Lawson has put together a gang of mostly incompetent, deeply superstitious rustlers, and they have been harassing a local ranch owner, played by Ethel Jackson, who barely has anything to do but look pretty — it's an irritating convention of old Westerns that while women may sometimes own ranches, they rarely have a hand in the running of it, and any problems they have will be solved by gallant cowboys.

In this instance, things get worse before they get better. The coot miner stumbles across Lawson's gang after hearing them sing cowboy songs in the hills and, not knowing who they are, actually hires them to work on Jackson's ranch. Codys Sr. and Jr. and both suspicious of Lawson, who has taken to calling himself by an obvious alibi: Joe Smith, or something like that.
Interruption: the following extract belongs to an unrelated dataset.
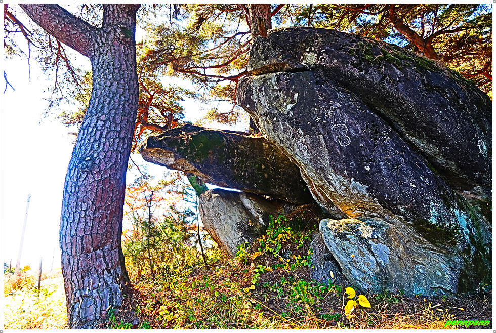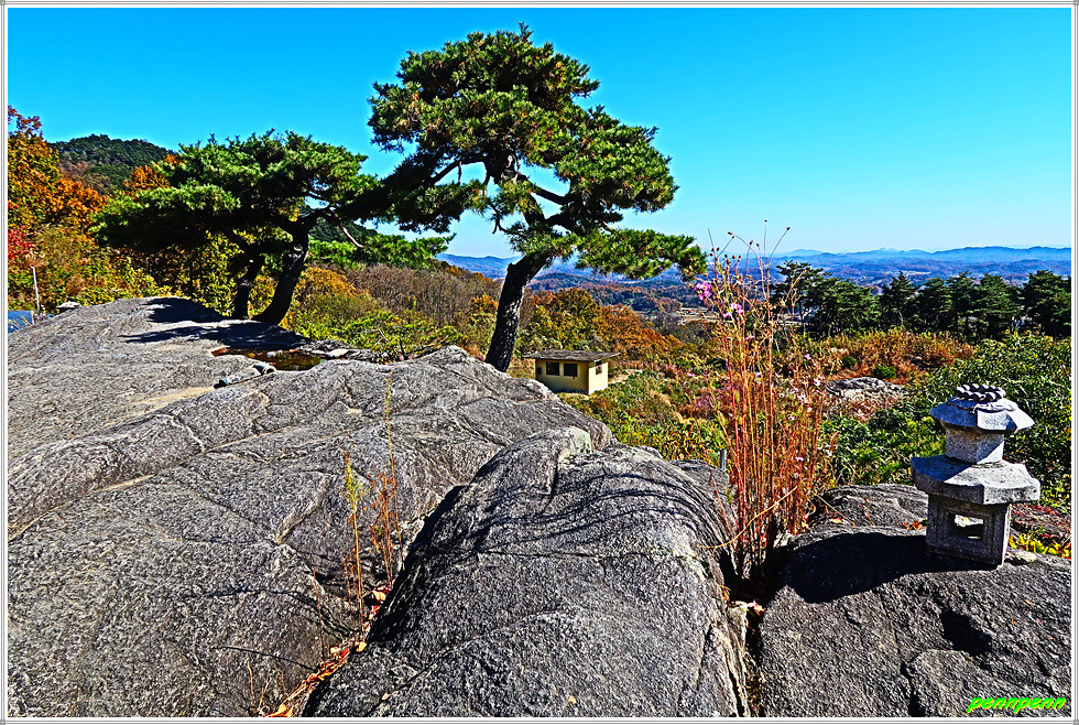 특히 사찰의 마당 가장자리에 있는 바당바위처럼 큰 바위는 봉천대로 이곳의 해돋이는 문경에서도 일출명소로 소문이 날 만큼 멋진 곳입니다. 봉천대에는 암반에 뿌리를 내린 두 그루의 형제소나무가 사이좋게 자라고 있습니다.

When Lawson finally kidnaps Jackson and makes plans to ride off with her cattle, that's when the Codys decide to act on the superstitions of the rustles.

So they dress up as skeletons, and dress their horses as skeletal horses, and then just creep around. Every time they spook a rustler, they chase him down and punch him out, and this works. Eventually it comes down to Lawson, who Cody Jr. manages to drag off his horse, hog tie, and then drag back to the ranch behind his own horse as though there was nothing to capturing a desperado.

Truthfully, the skeleton costumes, which consist of white paints on black body suits, aren't tremendously convincing. They are, however, oddly effective; if the Codys don't look like actual ghosts (or "haunts," as the villains call them), the do look like they might be part of some Western death cult, riding the range in search of victims.

The superstitious villains are often weirdly hilarious: Two of them have a long discussion about a previous ghost they met, who joined them in playing cards and turned out to be a rather likeable sort, which is a much weirder moment than the film really required. 

Sometimes you hear about a film coasting on charm; this doesn't precisely coast, because that suggests it has more resources but decided to be a bit lazy because it knew it would be forgiven. I don't think there was a resource that went unspent on the film, but it does foreground its charm, which is both the cheapest and most abundant commodity it has. The dialogue is often genuinely fun, and Cody, Jr. has a delightful habit of slowly pushing his hat forward when making a sardonic comment, like he knows he's being rakish.

It's more than this sort of film required, and more than Poverty Row Westerns usually delivered. And its central image, of skeletal horsemen riding skeletal horse, is a singular one; I don't recall having seen it before or since. There's not much supernatural about the film, and yet it produced a unique, supernatural image that feels somehow iconic.

Even big budget films rarely do that, and never with such charm.